Okay, this is tough, but I'm going to try anyway:

I love Julian and Phoebe for the same thing: they're both mythological animals that appear in most fairytales, and I have a soft spot for fantasy books.
Diana is heavily based on the Roman goddess of the hunt and the moon, and I love Greek and Roman mythologies.
Fauna reminds me of Bambi, my favorite book when I was a child.
Erik is the name of my best friend IRL and I also love Scandinavian culture (his house and looks are Scandinavian).
I like Sprinkle because penguins are the favorite animal of both a friend and my mother, plus she's adorable.
Fang was in my very first town of my very first AC game, city folk.
Shortcakes are my favorite type of dessert so of course I need to have Merengue!
As for Zucker, I just like how he looks.

I still don't know who my 10th dreamie is, so I can't say for sure.

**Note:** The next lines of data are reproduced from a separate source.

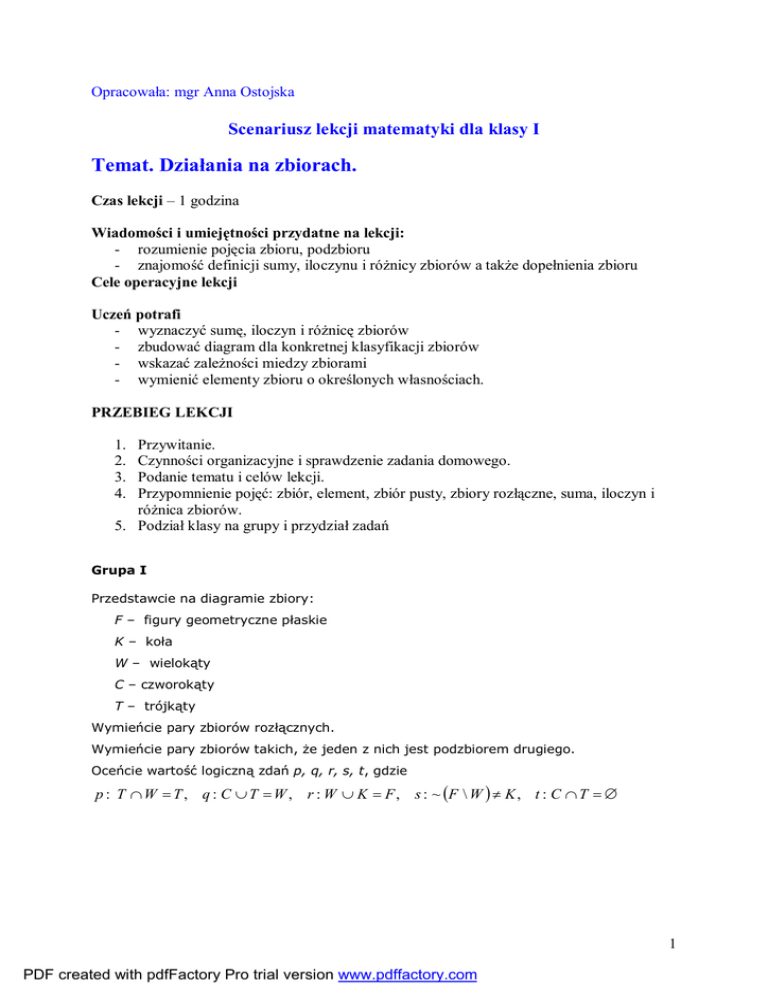 - znajomość definicji sumy, iloczynu i różnicy zbiorów a także dopełnienia zbioru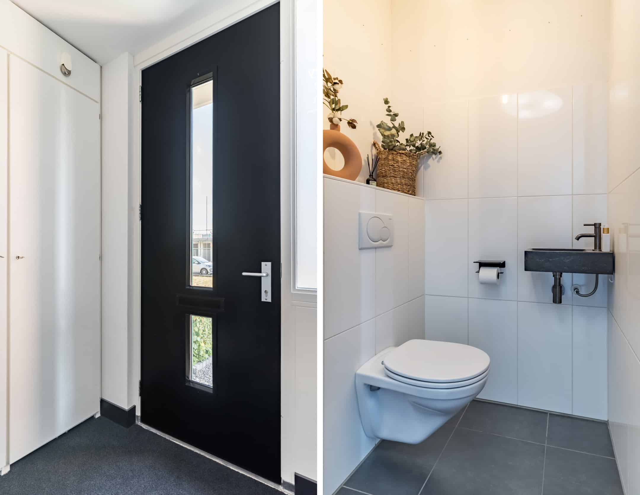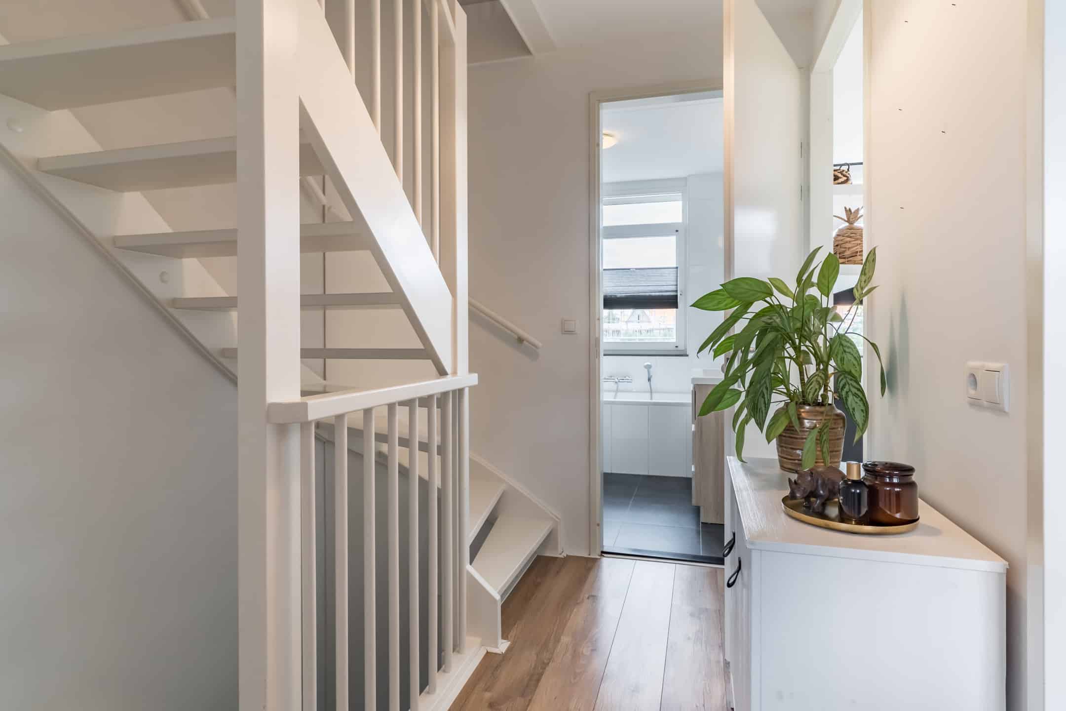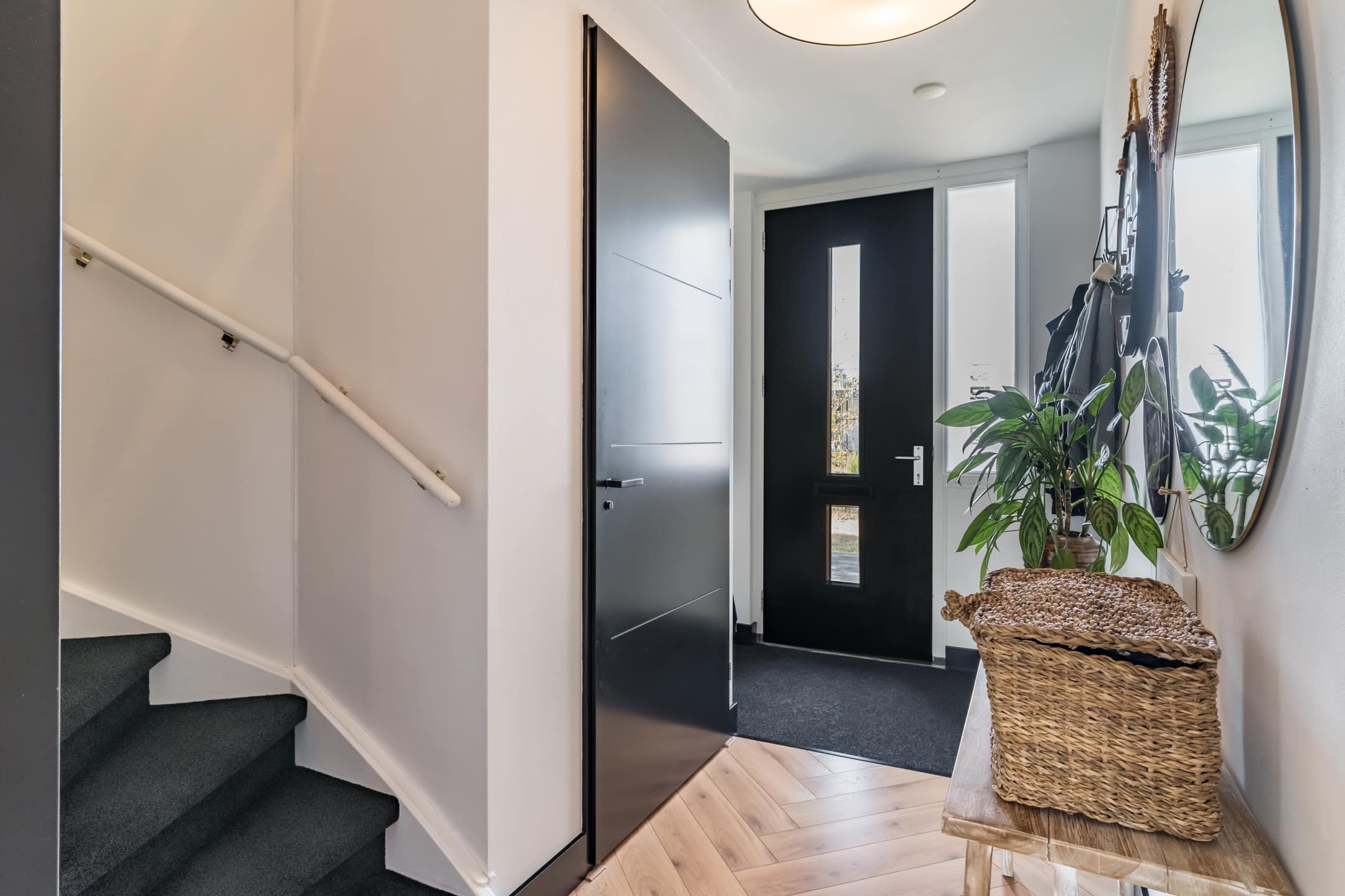 Bij binnenkomst in de ruime hal voel je meteen de warme sfeer van dit huis. De fraaie zwarte tussendeur geeft een stijlvolle entree naar de woonkamer. Vanuit de hal heb je toegang tot het toilet, de meterkast en de trapopgang.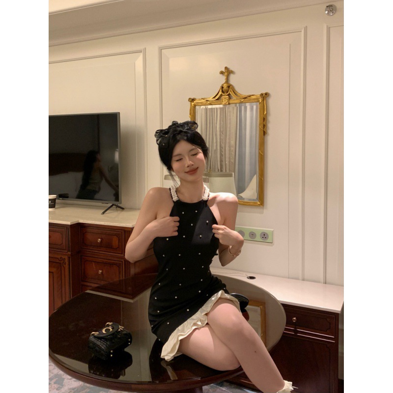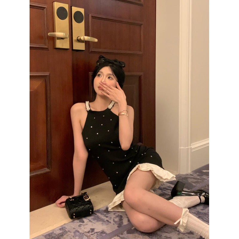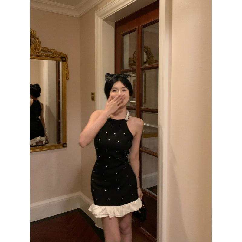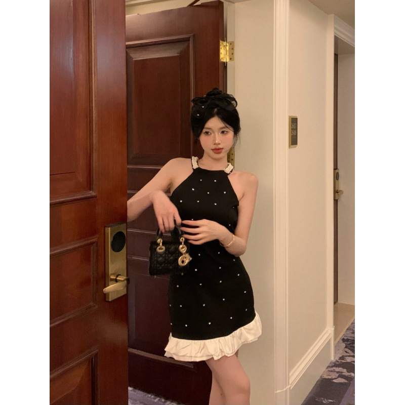 高级感法式挂脖无袖修身满天星A字裙木耳边重工镶钻背心连衣裙夏

I love too many of them!


----------



## Cudon (Jul 30, 2016)

I really love colorful and unique designed villagers since they show off charm that I associate with ACNL. These are Naomi, Tabby, Broffina etc. I tend to pick my villagers based on a theme so not all of my villagers are like this, but generally my faves are.


----------



## Charlise (Jul 30, 2016)

Deena- I don't like her because of her design (she's a qt tho) but because of how close we were. I didn't get her picture in my old town, but I was her best friend, and she always was asking for me to come over. I also remember how she smiled everytime I walked past her.


----------



## Malaionus (Jul 31, 2016)

Goose- He's a rooster. Named Goose.

Samson- Not really sure, but he appeared in my Wii game (by 'my' I mean a friend's) and he kinda grew on me

Merengue- SHE'S ADORABLE SHE'S A CUPCAKE

Sprinkle- She's a lil chubby penguin who tries but can't

Daisy- I don't know I just like dogs (cats are better though)

Stitches- He looks like a stuffed bear a kid made

Tia- she's a teapot

Alfonso- Not really sure but I like him so eh

Fauna- Adorable


----------



## xara (Aug 1, 2016)

Fauna- she was one of the first villagers I heard about when I first discovered New Leaf, so I guess she's kind of special to me. Plus, Deers are my favourite animal. 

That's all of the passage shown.